[Extracted information — start]

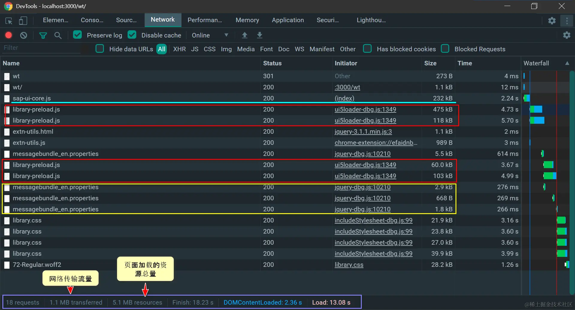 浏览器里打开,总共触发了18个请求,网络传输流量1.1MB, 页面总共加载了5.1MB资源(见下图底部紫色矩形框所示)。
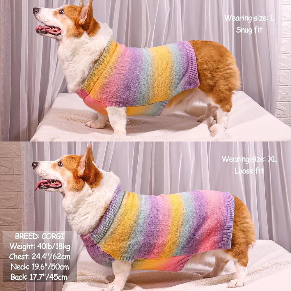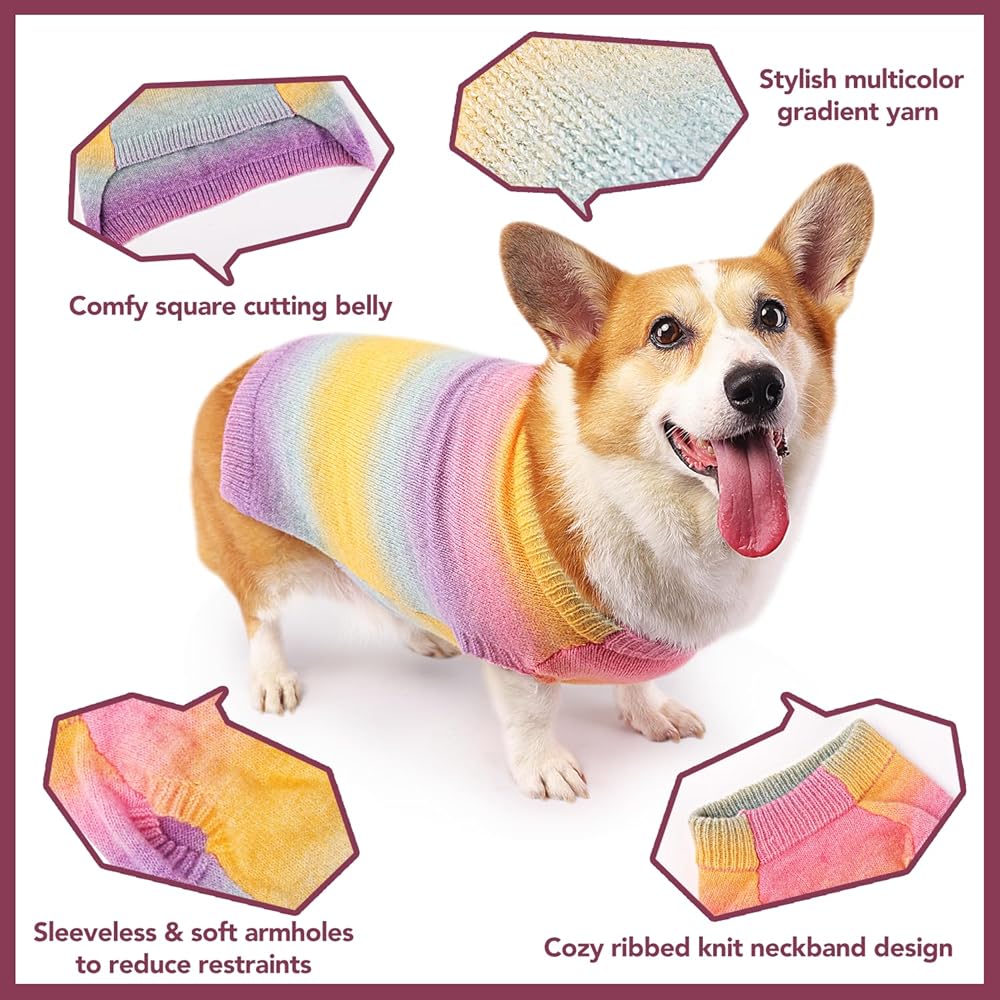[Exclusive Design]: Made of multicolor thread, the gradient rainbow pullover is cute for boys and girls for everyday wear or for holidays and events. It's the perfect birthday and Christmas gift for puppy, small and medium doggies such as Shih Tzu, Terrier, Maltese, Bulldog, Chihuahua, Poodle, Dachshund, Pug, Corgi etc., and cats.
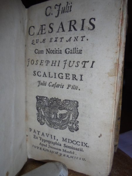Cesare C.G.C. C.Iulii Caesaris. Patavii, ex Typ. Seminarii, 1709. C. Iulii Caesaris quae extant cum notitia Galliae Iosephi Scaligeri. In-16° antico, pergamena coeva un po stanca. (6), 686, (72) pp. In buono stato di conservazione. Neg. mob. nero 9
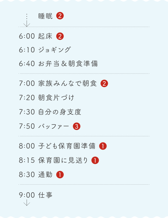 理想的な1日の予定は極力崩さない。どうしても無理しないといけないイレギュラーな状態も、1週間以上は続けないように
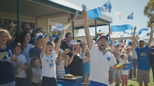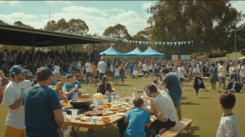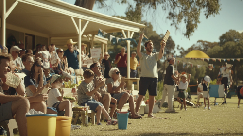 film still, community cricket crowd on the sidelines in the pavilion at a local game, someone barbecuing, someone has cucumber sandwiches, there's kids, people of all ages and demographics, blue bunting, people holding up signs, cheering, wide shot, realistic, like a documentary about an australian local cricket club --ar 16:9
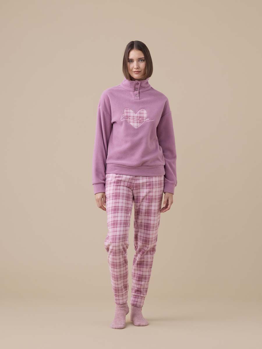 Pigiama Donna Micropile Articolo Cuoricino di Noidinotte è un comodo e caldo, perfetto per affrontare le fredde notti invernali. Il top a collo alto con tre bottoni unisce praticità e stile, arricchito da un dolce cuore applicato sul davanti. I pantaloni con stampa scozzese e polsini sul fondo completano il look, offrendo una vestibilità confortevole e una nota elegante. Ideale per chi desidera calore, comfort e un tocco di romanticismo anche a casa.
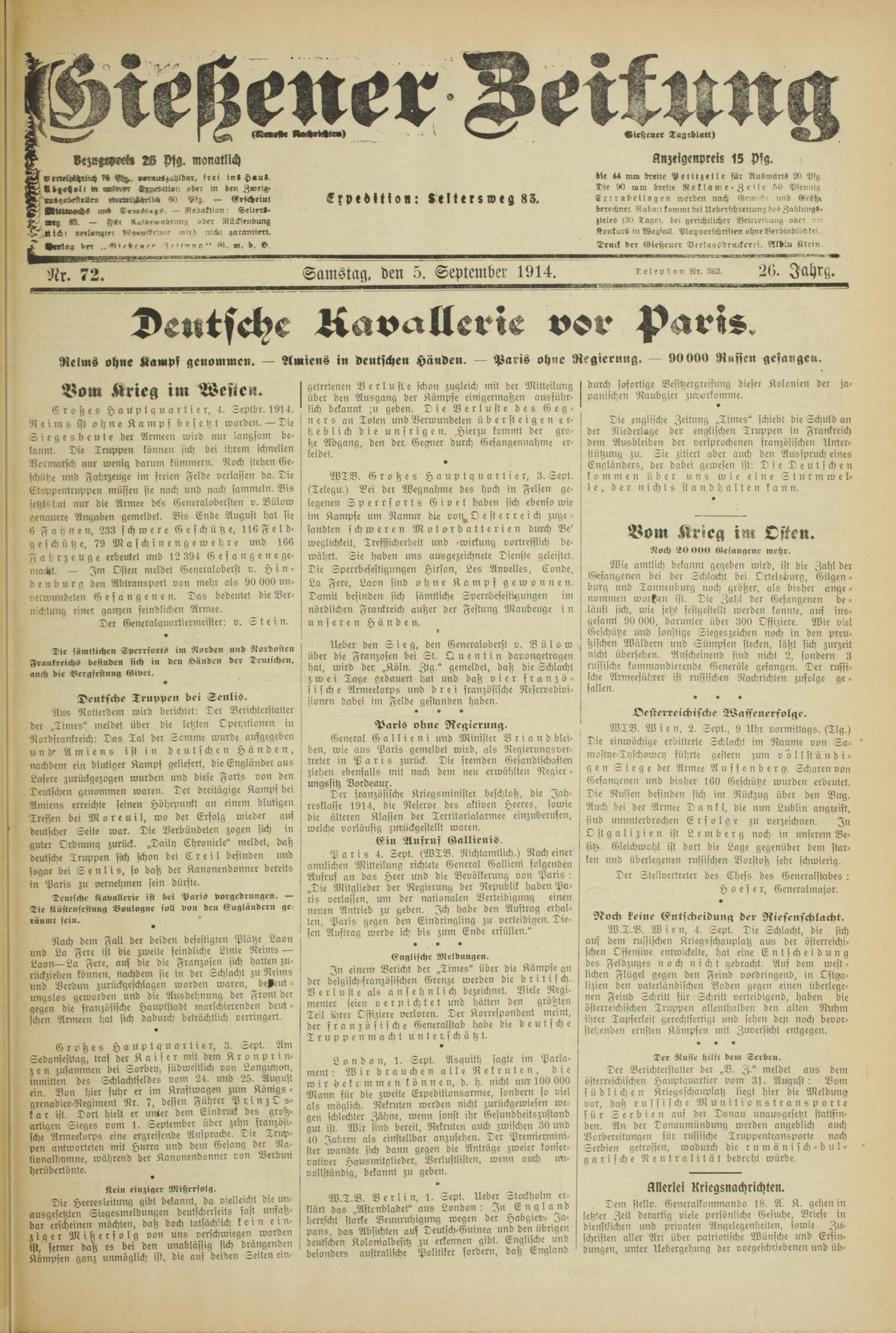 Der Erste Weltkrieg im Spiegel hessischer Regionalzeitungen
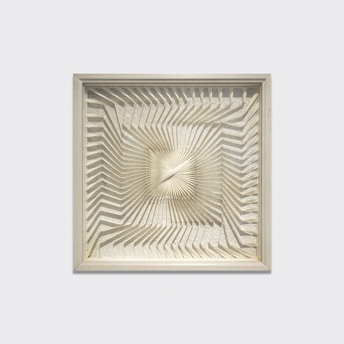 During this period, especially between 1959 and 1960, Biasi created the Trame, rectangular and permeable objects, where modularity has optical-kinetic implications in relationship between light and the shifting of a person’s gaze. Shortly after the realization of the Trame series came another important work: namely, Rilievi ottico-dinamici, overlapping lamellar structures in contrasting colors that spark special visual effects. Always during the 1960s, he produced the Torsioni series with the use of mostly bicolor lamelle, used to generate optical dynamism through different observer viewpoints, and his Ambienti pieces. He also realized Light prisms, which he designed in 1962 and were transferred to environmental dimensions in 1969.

[Extracted information — finish]

*Goal of the exercise*:
All that should appear in the response is the run of lines from the one with "Cesare C.G.C. C.Iulii" through the final line of the records, restated exactly, with pictures omitted.

*Solution for this task*:
Cesare C.G.C. C.Iulii Caesaris. Patavii, ex Typ. Seminarii, 1709. C. Iulii Caesaris quae extant cum notitia Galliae Iosephi Scaligeri. In-16° antico, pergamena coeva un po stanca. (6), 686, (72) pp. In buono stato di conservazione. Neg. mob. nero 9
 理想的な1日の予定は極力崩さない。どうしても無理しないといけないイレギュラーな状態も、1週間以上は続けないように
 film still, community cricket crowd on the sidelines in the pavilion at a local game, someone barbecuing, someone has cucumber sandwiches, there's kids, people of all ages and demographics, blue bunting, people holding up signs, cheering, wide shot, realistic, like a documentary about an australian local cricket club --ar 16:9
 Pigiama Donna Micropile Articolo Cuoricino di Noidinotte è un comodo e caldo, perfetto per affrontare le fredde notti invernali. Il top a collo alto con tre bottoni unisce praticità e stile, arricchito da un dolce cuore applicato sul davanti. I pantaloni con stampa scozzese e polsini sul fondo completano il look, offrendo una vestibilità confortevole e una nota elegante. Ideale per chi desidera calore, comfort e un tocco di romanticismo anche a casa.
 Der Erste Weltkrieg im Spiegel hessischer Regionalzeitungen
 During this period, especially between 1959 and 1960, Biasi created the Trame, rectangular and permeable objects, where modularity has optical-kinetic implications in relationship between light and the shifting of a person’s gaze. Shortly after the realization of the Trame series came another important work: namely, Rilievi ottico-dinamici, overlapping lamellar structures in contrasting colors that spark special visual effects. Always during the 1960s, he produced the Torsioni series with the use of mostly bicolor lamelle, used to generate optical dynamism through different observer viewpoints, and his Ambienti pieces. He also realized Light prisms, which he designed in 1962 and were transferred to environmental dimensions in 1969.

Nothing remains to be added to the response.